Caspian Holdings (AIM:CSH), the oil and gas development company with assets in the USA and Kazakhstan, announces its audited results for the year ended 31st December 2008

Michael Masterman, CEO of Caspian Holdings commented: "2008 started as a promising year for Caspian with progress at Zhengeldy in Kazakhstan and new initiatives in the United States. Like many companies in 2008, our fortunes dramatically reversed and the Company has had to work hard to stabilise its position. The most problematic issue was the loss of the appeal on the Zhengeldy licence and the associated financing difficulties that this created. The debt for equity swap agreement will provide an initial basis for the Company to move forward in 2009. 
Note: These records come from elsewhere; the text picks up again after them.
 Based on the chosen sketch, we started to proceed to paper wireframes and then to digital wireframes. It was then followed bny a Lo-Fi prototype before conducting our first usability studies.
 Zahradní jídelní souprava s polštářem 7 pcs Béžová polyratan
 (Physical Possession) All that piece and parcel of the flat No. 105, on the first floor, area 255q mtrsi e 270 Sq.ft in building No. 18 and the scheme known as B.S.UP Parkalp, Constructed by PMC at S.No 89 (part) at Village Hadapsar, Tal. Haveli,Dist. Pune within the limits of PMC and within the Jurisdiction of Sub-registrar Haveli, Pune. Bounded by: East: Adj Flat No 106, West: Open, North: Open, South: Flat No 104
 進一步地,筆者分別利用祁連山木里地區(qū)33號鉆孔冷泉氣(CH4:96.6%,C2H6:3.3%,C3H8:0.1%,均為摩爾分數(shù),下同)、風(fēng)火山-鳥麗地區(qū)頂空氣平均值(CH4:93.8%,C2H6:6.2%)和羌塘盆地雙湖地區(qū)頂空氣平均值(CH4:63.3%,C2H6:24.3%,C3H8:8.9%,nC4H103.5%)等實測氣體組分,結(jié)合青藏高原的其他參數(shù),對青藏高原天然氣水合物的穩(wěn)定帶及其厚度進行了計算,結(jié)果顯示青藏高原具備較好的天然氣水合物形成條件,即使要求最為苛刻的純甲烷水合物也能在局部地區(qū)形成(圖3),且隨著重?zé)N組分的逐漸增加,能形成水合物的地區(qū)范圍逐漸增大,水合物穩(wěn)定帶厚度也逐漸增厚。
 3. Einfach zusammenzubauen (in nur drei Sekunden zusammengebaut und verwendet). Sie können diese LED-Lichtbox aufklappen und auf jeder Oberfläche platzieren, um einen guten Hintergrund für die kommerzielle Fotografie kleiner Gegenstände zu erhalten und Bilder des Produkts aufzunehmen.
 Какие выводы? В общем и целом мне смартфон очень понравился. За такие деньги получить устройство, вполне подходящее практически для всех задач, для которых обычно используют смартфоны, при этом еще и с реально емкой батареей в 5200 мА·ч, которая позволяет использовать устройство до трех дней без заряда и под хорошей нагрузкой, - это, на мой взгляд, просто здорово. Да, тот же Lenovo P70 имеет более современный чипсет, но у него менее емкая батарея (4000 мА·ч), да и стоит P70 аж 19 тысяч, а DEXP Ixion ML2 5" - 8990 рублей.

Extracts from the financial statements follow and a full version is available on the Company's website www.caspianoil.co.uk

 

Enquiries:

 

Caspian Holdings Plc

Grant Thornton UK LLP

Hoodless Brennan 

Michael Masterman

Fiona Owen

T: +44 (0) 7791 288381

T: +44 (0) 20 7383 5100

T: +44 (0) 20 7538 1166

www.caspianoil.co.uk 

  CHAIRMAN'S STATEMENT

2008 started as a promising year for Caspian Holdings Plc. Significant positive progress was made on restarting production at Zhengeldy and the Company progressively expanded into the USA through first the Pine Meadows Lease and then the acquisition of 50% of Black Gold of Kentucky and the Irvine oil field. 

However by August 2008, the Company's fortunes dramatically reversed. The Kazakhstan Ministry choose to terminate the Zhengeldy sub soil licence and the global financial crisis led to significant falls in oil and other commodity prices and very difficult financing conditions which made it very difficult to quickly progress Black Gold and Pine Meadows.

The Kazak Ministry action against Zhengeldy was the most problematic. The letter to terminate the licence was issued in the same month that the same Ministry formally stated its satisfaction with the Company's progress to restart Zhengeldy production. The Company took the Ministry to court and won the first judgement on 27 November 2008. The first judge found that the Company had met, and exceeded, all of its work program obligations and that the actions of the Minister in terminating the licence were illegal. The Ministry appealed and the court of appeal found in favour of the Ministry. The Appeal Court findings ruling was based Caspian not achieving originally estimated production levels as a result of (in the Appeal Courts' view) not taking timely technical advice from the Ministerial committees. Caspian has until 21 January 2010 to appeal the appeal court judgement.

The loss of Zhengeldy and the global financial crisis made it difficult to expedite development of Pine Meadows in California and Irvine in Kentucky. The Pine Meadows lease will expire on 29 May 2009.

The loss of the Zhengeldy appeal in January 2009 has created serious financial problems for Caspian. The Company has reached an agreement, subject to shareholder approval, to convert its outstanding loan notes and major creditor positions to equity at an issue price of £0.005. If approved this will result in the issue of approximately 230 million shares and the removal of major liabilities from the balance sheet. This action together with equipment sales will allow Caspian to continue to trade. The Company intends to focus on its assets in the United States and other energy and resource development opportunities in the forthcoming year, whilst continuing to look for opportunities to create value from its Kazakhstan Assets.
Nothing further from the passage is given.